**Material provided:**
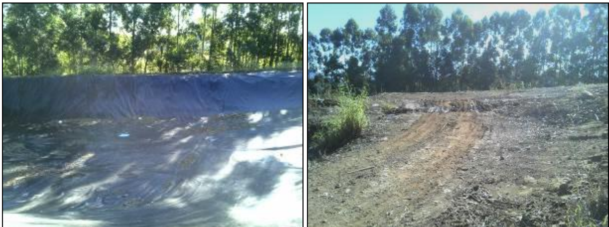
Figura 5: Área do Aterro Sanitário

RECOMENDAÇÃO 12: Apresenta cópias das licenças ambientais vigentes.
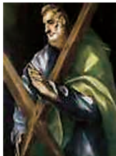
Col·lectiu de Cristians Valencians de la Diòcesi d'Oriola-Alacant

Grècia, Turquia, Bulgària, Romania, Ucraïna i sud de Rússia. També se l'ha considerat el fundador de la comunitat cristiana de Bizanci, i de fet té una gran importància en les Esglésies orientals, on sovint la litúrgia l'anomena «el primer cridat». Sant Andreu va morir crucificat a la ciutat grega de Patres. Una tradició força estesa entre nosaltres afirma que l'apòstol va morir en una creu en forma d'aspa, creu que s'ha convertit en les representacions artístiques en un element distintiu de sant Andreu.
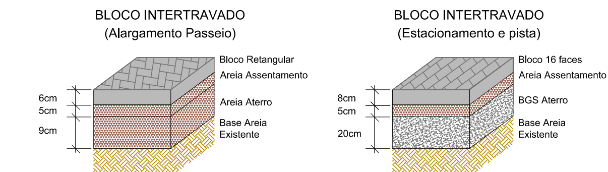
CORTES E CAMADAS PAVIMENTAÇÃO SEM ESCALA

**Work instruction:**
With the pictures left out, copy exactly the lines from the one containing "Grècia, Turquia, Bulgària, Romania, Ucraïna" through the final line of the records above, both included.

**Expected answer:**
Grècia, Turquia, Bulgària, Romania, Ucraïna i sud de Rússia. També se l'ha considerat el fundador de la comunitat cristiana de Bizanci, i de fet té una gran importància en les Esglésies orientals, on sovint la litúrgia l'anomena «el primer cridat». Sant Andreu va morir crucificat a la ciutat grega de Patres. Una tradició força estesa entre nosaltres afirma que l'apòstol va morir en una creu en forma d'aspa, creu que s'ha convertit en les representacions artístiques en un element distintiu de sant Andreu.
CORTES E CAMADAS PAVIMENTAÇÃO SEM ESCALA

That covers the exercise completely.